The term “green people” may not be familiar to us, and let the authors note that one of the first images of it is “the statue of Dionysus, which is located today in Naples and dates from about 420 BC.” It is usually without a body, the head of a mature male or less commonly a female, surrounded by foliage, fruit, or flowers. Or, as more “live” dictionaries describe it, like a head suddenly emerging from a bush. The leaves come out of the nostrils and ears, the leaves represent his hair. Sometimes it is a vine, vine leaves and grapes, sometimes the foliage that adorns it is oak, nutmeg or acorn, this wild plant of Greek land, whose climbing leaves are depicted on Corinthian capitals. It is about the pagan spirit of nature with “this idea to enhance the green color of eternal life and eternal truth”, as they “demonstrate the relationship of man with nature in the most frank way, emphasizing the idea that they cannot survive people without her.”

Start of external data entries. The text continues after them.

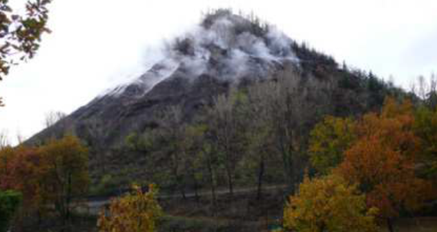 Certains dépôts miniers contiennent des matériaux combustibles et d'autres matières oxydables. Certains dépôts peuvent entrer en combustion.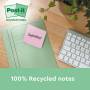 Post-it® Recycled Notes er fremstillet af 100 % genbrugspapir. Disse sticky notes er PEFC RECYCLED-certificerede og stammer fra certificerede, fornybare og bæredygtigt forvaltede skove. Der er anvendt et klæbemiddel fra fornybare råvarer, hvor 60 % kommer fra flerårige planter. Kabinetpakken med assorterede farver er let at åbne og opbevare i en skuffe eller et skab, så blokkene er lige ved hånden, når du har brug for dem. Disse sticky notes måler 76 mm x 127 mm og fås i en pakke med 16 blokke med 100 ark (uden film om hver enkelt blok for at reducere emballagen).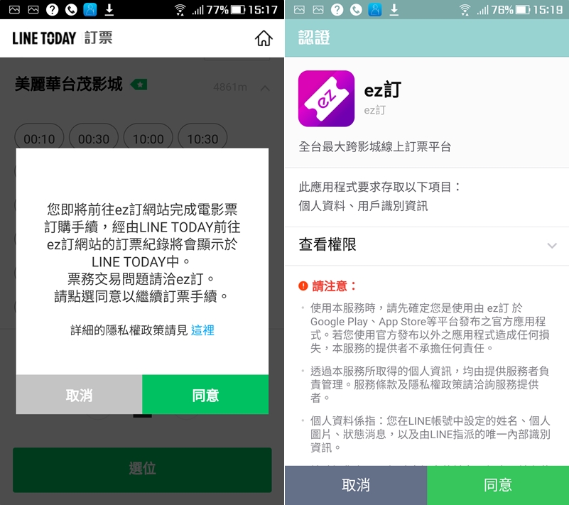 提示你即將連結到 ez 訂網站完成訂票程序,開始前會要求你同意存取權限,包括個資、用戶識別資訊。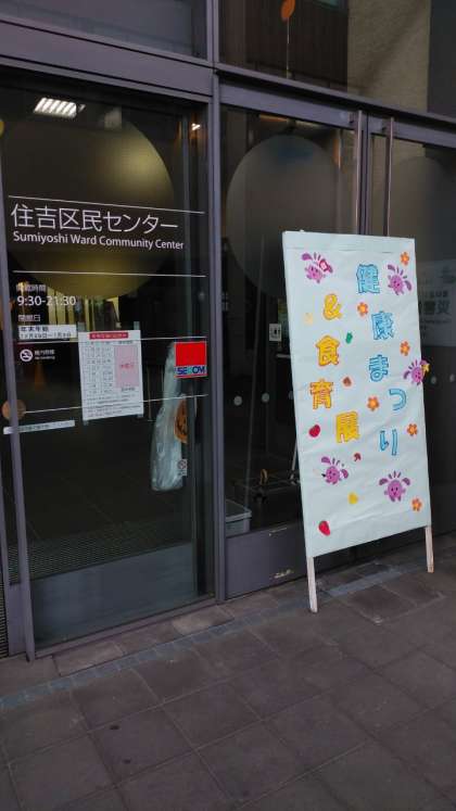 午後から、住吉区民センターで、「食育展」並びに「健康まつり」が開催されています。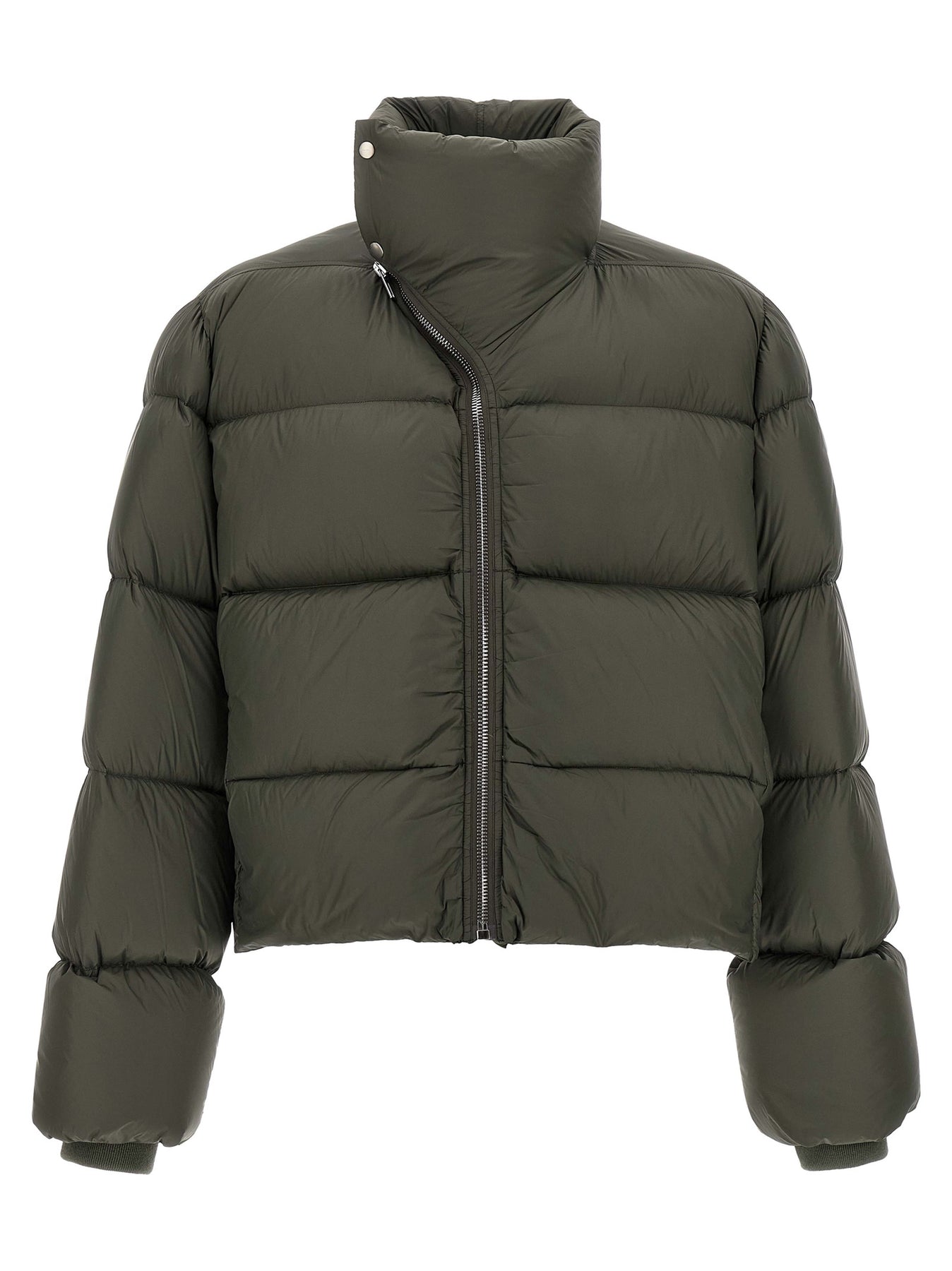 Long 'Turtle' quilted nylon down jacket with goose down padding, standing collar, asymmetrical front zip closure, pockets, long sleeves with stretch knit cuffs, cotton strap with rivets on the back rack.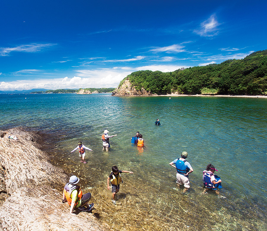 静寂な空間に身をおき、海面近くからの視界で自然を堪能することができるのがシーカヤックの魅力のひとつです。英虞湾の美しい海を覗き込むと、アマモやミルといった海藻や、ハナギンチャクやヒトデなどの様々な海洋生物をみることができます。シーカヤックだからこそ、すぐそばまで近づいて観察できるのです。野鳥の姿や鳴声、飛び跳ねる小魚、無人島の干潟、浦々の岸辺では、季節ごとの植物など、英虞湾の自然を思う存分観察できます。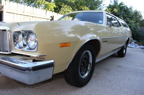 Very nice Gran Torino station wagon. Runs and drives well. Has new brakes, new suspension(shocks, springs, bushings) front and rear. Undercarriage has very light rust, the only bad rust is in the storage compartment under the back deck. Needs new headliner, seats are good, but there is a little wear and tear. Has new carpet and a new steering wheel. everything works with exception of A/C compressor and windshield wipers. Car did not have a wiper switch when I got it, I found one and it will operate the washer pump, but not the motor, I don't know if the wiper motor is good or not. Has 351 Cleveland with 2bbl carb. Starts easy, small leak on the valve covers gets little oil on the exhaust manifold causing a little smoke till the engine warms up. After engine has run and stopped, it will produce a little smoke when re-started, but goes away quickly. Odometer shows 116,000 plus miles. The paint is original, no bodywork has been done. Has a few dents and dings, all glass is good, rear window rolls down, but needs help going back up..sounds like a gear has worn out, electric motor is good.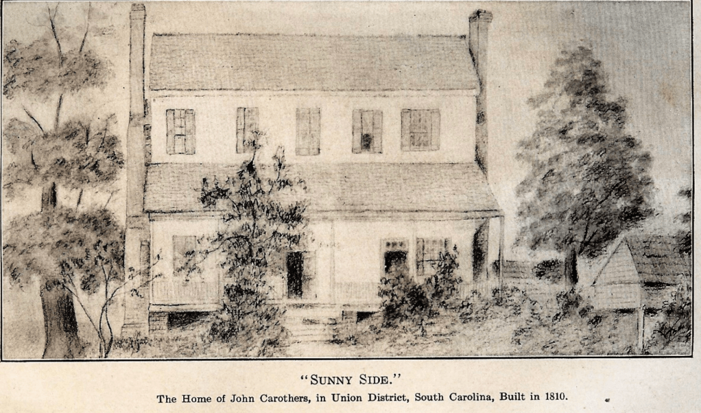 After the 1854 death of John Carothers, Wade Fowler, wife Elizabeth and their eight-year-old son John moved into the home called Sunny Side with Elizabeth’s mother, Rachel Ross Burrows Carothers. The house was built in 1810, north of the Pacolet River in Union County, but now in Cherokee County.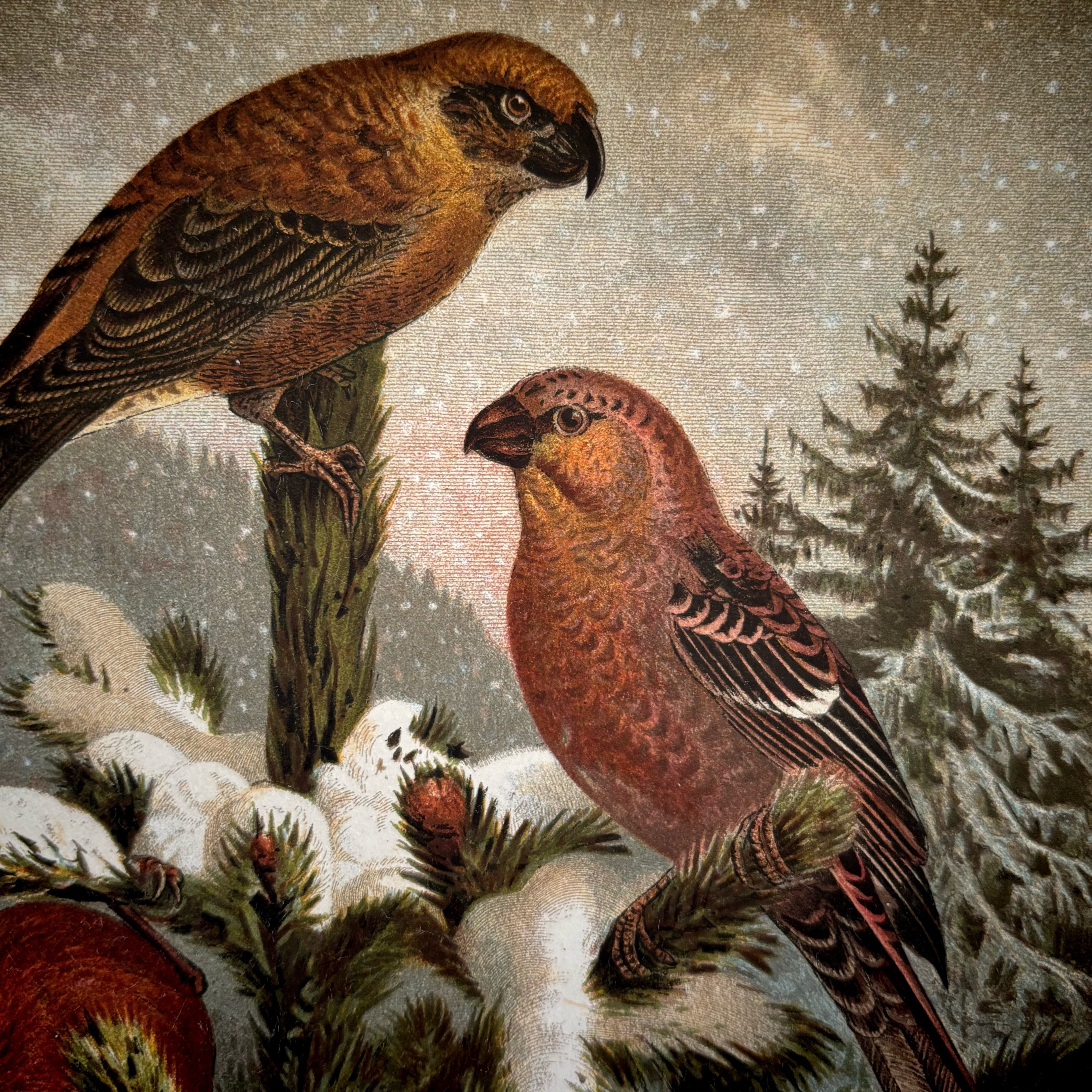 雪の降る森林地帯を舞台にしたことで、北米大陸の雰囲気も良く伝わり、リトグラフ製作者のセンスと力量が偲ばれる素晴らしい博物図版です。芸術作品とは違い、ユニークで知的な魅力を持つ博物画をお部屋に飾ってみてはいかがでしょうか。

Women's emancipation with the symbols of the Middle Ages-1

These heads can be found in medieval churches such as Canterbury Cathedral, among the few that are owned by a woman. The authors record the campaigns of green people from East to West, their birth in ancient European societies, according to some researchers, or some more modern ones, in India or Borneo. They write the Green Man as “a motif that repeats itself, seems to travel from culture to culture and from one period to another”, as the authors find him in the Sufi tradition as Al-Kidra, the Green who achieves immortality as the only one who drinks the water of life. , in Domus Aurea, Nero’s palace, at Hadrian’s Gate in Ephesus, as Khedr in the Beit Jala region of Palestine, in the Green Knight from the Arthurian myths, later in the legend of Robin Hood. Because, as they write, “green people are part of our collective unconscious and represent, in one way or another, our archetypal relationship with nature.” “They are the bearers of death and resurrection in an endless cycle…they are the new god who is constantly being sacrificed, descending to the underworld, and also constantly being reborn.”

Special mention deserves the exclusive “Green Woman”, the Irish Sheela na Gig or Sheela na Gig, which some of us may know from the PJ Harvey song “Sheela-na-gig, Sheela-na-gig, You Exhibitionist”. Carved stone or wood statues of old women, naked or leafy, displaying their genitals. They first appear in Spain and France, with the largest number of such statues (101) in Ireland. Placed in medieval churches and castles of the 11th century, over doors and openings to ward off evil, their meaning and origin have been interpreted by scholars in different ways. Some believe they are “representations of pagan, usually Celtic beliefs that survived and were incorporated into the ‘new’ Christian church”, others “that they represented female lust as a terrifying and sinful corruption”, or as forest spirits with faerie or elf characteristics. he who replies with kindness is gold. Whatever their meaning, these overtly sexualized sculptures are once again gaining interest with new promotions such as Project Sheela’s, which the artists behind it are placing on Dublin’s women’s wrestling monuments, New Sila and intending to expand to all European cities.